== EXERCISE ==
Transcribe exactly the lines below that begin at the line with "Add a touch" and stop after the line with "The specific heat", leaving out every picture.
DATASET ENTRIES below:
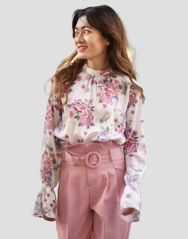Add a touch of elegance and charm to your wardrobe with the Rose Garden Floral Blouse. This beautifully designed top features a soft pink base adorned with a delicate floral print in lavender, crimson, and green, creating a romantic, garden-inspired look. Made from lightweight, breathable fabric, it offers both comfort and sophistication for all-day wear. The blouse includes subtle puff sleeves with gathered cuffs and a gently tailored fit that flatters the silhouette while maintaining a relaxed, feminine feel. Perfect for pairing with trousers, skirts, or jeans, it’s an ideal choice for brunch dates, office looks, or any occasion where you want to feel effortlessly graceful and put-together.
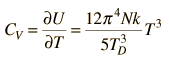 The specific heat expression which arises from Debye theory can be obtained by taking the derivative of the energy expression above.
End of DATASET ENTRIES.
DATASET ENTRIES below:
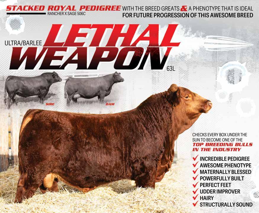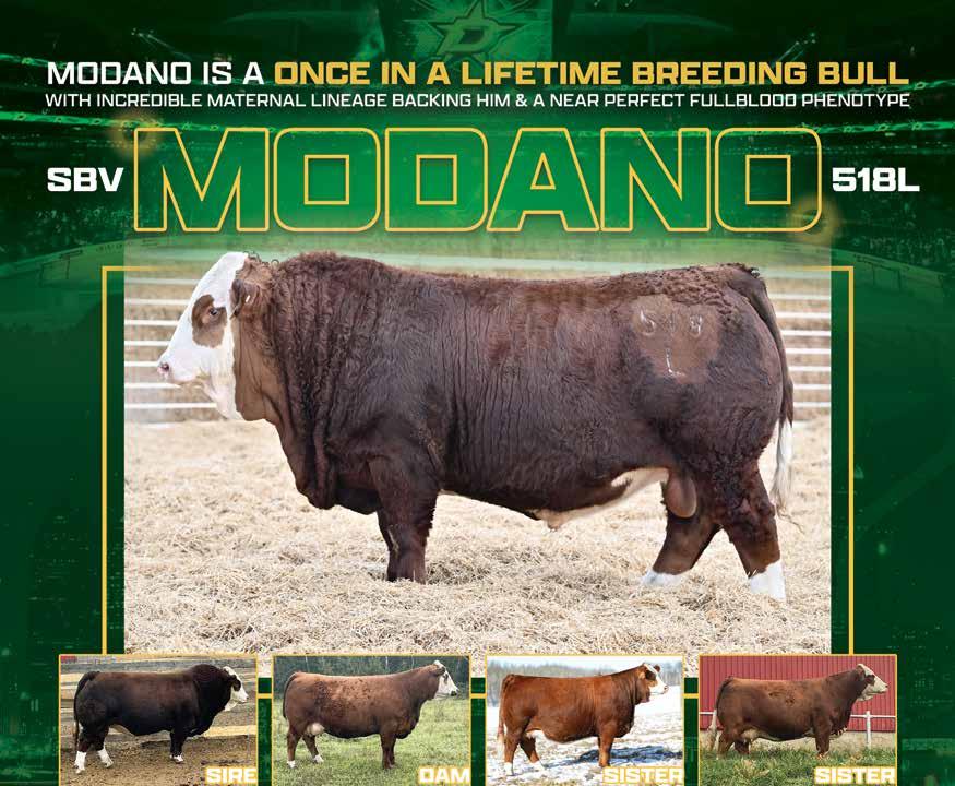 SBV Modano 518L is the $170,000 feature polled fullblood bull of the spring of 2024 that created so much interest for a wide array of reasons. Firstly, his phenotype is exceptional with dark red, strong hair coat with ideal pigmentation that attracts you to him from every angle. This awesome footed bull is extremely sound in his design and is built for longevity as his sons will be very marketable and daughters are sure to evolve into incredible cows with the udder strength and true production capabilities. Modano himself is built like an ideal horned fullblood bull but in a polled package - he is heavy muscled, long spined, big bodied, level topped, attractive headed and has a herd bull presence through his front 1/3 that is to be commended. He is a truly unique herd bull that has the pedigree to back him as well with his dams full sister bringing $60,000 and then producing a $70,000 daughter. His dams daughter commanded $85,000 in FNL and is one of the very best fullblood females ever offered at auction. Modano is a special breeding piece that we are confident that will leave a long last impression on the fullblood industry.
End of DATASET ENTRIES.
DATASET ENTRIES below:
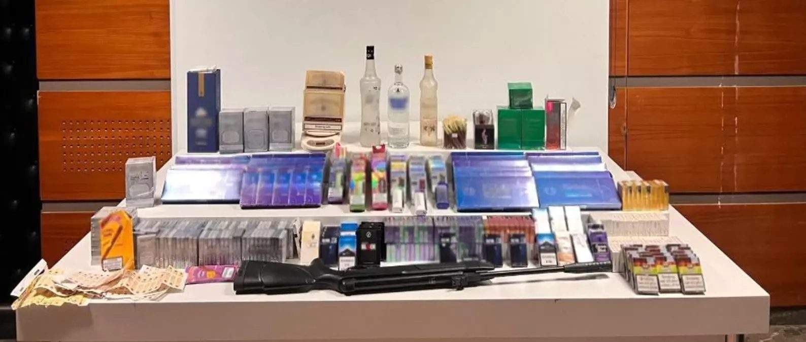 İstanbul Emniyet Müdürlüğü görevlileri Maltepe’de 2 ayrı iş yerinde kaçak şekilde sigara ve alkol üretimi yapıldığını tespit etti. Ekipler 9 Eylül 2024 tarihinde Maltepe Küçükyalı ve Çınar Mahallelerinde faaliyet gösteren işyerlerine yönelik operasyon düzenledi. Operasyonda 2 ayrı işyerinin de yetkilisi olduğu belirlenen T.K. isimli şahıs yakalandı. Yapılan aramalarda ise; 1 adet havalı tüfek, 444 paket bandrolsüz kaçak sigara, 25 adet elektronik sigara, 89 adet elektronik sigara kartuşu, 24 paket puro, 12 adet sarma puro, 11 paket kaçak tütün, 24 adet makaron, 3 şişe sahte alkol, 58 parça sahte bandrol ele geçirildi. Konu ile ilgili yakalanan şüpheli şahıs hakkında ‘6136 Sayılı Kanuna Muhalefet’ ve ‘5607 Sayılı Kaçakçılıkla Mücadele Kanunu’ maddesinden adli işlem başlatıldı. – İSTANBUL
End of DATASET ENTRIES.
== TASK RESULT ==
Add a touch of elegance and charm to your wardrobe with the Rose Garden Floral Blouse. This beautifully designed top features a soft pink base adorned with a delicate floral print in lavender, crimson, and green, creating a romantic, garden-inspired look. Made from lightweight, breathable fabric, it offers both comfort and sophistication for all-day wear. The blouse includes subtle puff sleeves with gathered cuffs and a gently tailored fit that flatters the silhouette while maintaining a relaxed, feminine feel. Perfect for pairing with trousers, skirts, or jeans, it’s an ideal choice for brunch dates, office looks, or any occasion where you want to feel effortlessly graceful and put-together.
 The specific heat expression which arises from Debye theory can be obtained by taking the derivative of the energy expression above.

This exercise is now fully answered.